Read Replicas: The Read Scaling Pattern

Route writes to the primary. Route reads to replicas. This is the most common PostgreSQL scaling pattern.

Application
    ├── Writes → Primary (single node)
    └── Reads  → Load balancer → Replica 1
                               → Replica 2
                               → Replica 3

Replication Lag

Replicas are eventually consistent. The lag is usually under 1 second but can spike during:

  • Large batch writes or migrations
  • Standby running expensive queries (resource contention)
  • Network issues between primary and standby

The consistency problem: User writes a comment, then refreshes the page. The read goes to a replica that hasn't received the comment yet. User thinks their comment was lost.

Solutions:

  1. Read-your-own-writes. After a write, route that user's reads to the primary for a few seconds.
  2. Monotonic reads. Track the LSN (Log Sequence Number) of the last write and wait until the replica has reached that LSN before serving the read.
  3. Session stickiness. Pin a user's session to a specific replica (not great -- uneven load).
-- Check if replica has caught up to a specific LSN
SELECT pg_last_wal_replay_lsn() >= '0/1A3C5D8'::pg_lsn;

GitHub uses read replicas extensively. Their gh-ost tool for schema migrations was built specifically because ALTER TABLE on a primary blocks writes, and they needed a way to do schema changes without downtime across their replica fleet.


Connection Pooling with PgBouncer

This is the single most impactful operational optimization for PostgreSQL. Yet most candidates never mention it in interviews.

The Problem

PostgreSQL forks a new OS process for every client connection. Each process consumes ~10MB of RAM. The math is brutal:

Connections RAM for Connection Overhead
100 ~1 GB
500 ~5 GB
1,000 ~10 GB
5,000 ~50 GB

A modern microservices architecture with 20 services, each running 10 pods, each with a connection pool of 10 = 2,000 connections. That's 20GB of RAM just for connection management, before PostgreSQL does any actual work.

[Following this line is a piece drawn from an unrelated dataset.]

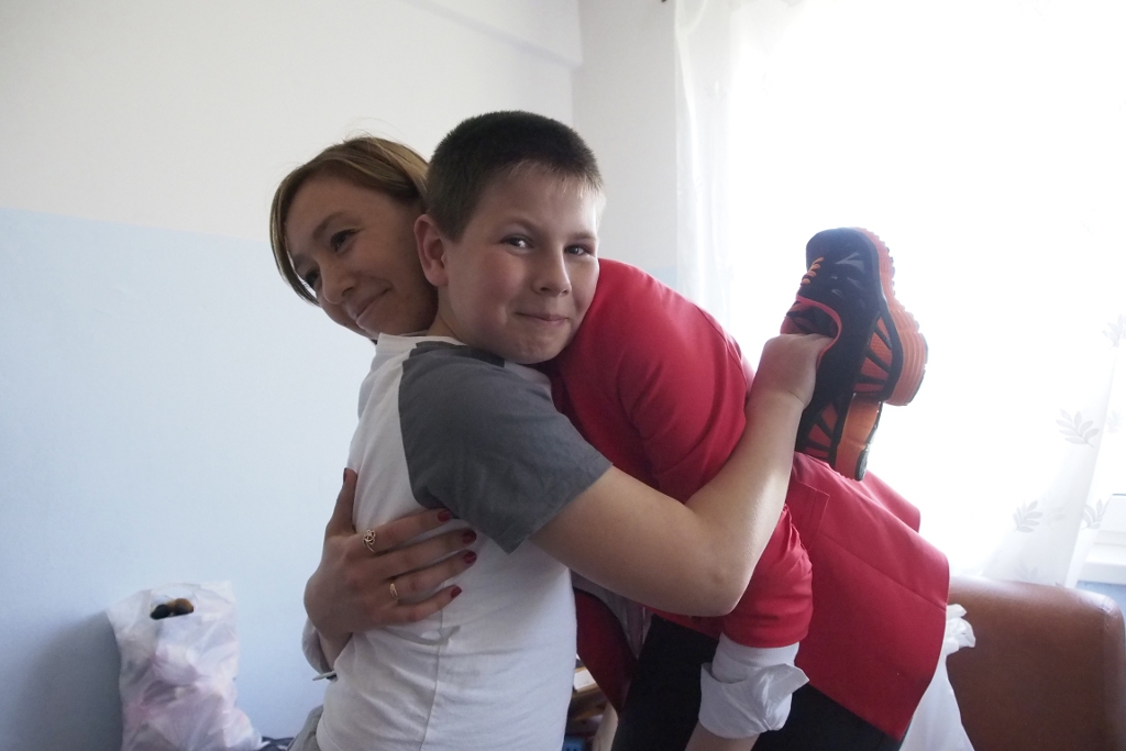 В одном из центров живет семья Киреевых. У них двое детишек – семимесячная Вика и одиннадцатилетний Даниил. Мы узнали, что у малышки нет теплых вещей, а у Дани только летние сланцы и привезли им все необходимое. Благодарности не было предела. Даниил, увидев новые кроссовки, кинулся скорее обнять «дарующего».

Worse: PostgreSQL's max_connections default is 100. Each connection beyond ~300 degrades performance due to process scheduling and shared buffer contention. More connections doesn't mean more throughput. It means less.

PgBouncer: The Fix

PgBouncer sits between your application and PostgreSQL. It maintains a small pool of actual PostgreSQL connections and multiplexes hundreds of client connections onto them.

20 services × 10 pods × 10 connections = 2,000 application connections
                PgBouncer
        30 actual PostgreSQL connections

2,000 connections to PgBouncer, 30 to PostgreSQL. PgBouncer processes are lightweight (a few KB each, not 10MB).

PgBouncer Pooling Modes

Mode How It Works Best For Limitation
Session Client gets a dedicated PG connection for the entire session Apps using session-level features (LISTEN/NOTIFY, temp tables) Minimal connection saving
Transaction Client gets a PG connection for one transaction, then releases it Most web applications Can't use session-level features
Statement Client gets a PG connection for one statement Simple read-only queries Can't use multi-statement transactions

Transaction mode is the default choice. It gives you the best connection multiplexing while still supporting transactions. The only things it breaks are session-level features like prepared statements, SET commands, and LISTEN/NOTIFY.

# pgbouncer.ini
[databases]
mydb = host=127.0.0.1 port=5432 dbname=mydb

[pgbouncer]
pool_mode = transaction
max_client_conn = 2000
default_pool_size = 30
min_pool_size = 10
reserve_pool_size = 5
reserve_pool_timeout = 3

Why Not Just Increase max_connections?

Because PostgreSQL performance degrades after ~300 connections regardless of available RAM. The bottleneck shifts to:

  • Process context switching. Each connection is an OS process. The kernel scheduler thrashes with 1000+ processes.
  • Lock contention. More concurrent processes = more contention on lightweight locks for shared buffers.
  • Snapshot overhead. Each transaction snapshot must check against all active transaction IDs. More connections = bigger snapshots.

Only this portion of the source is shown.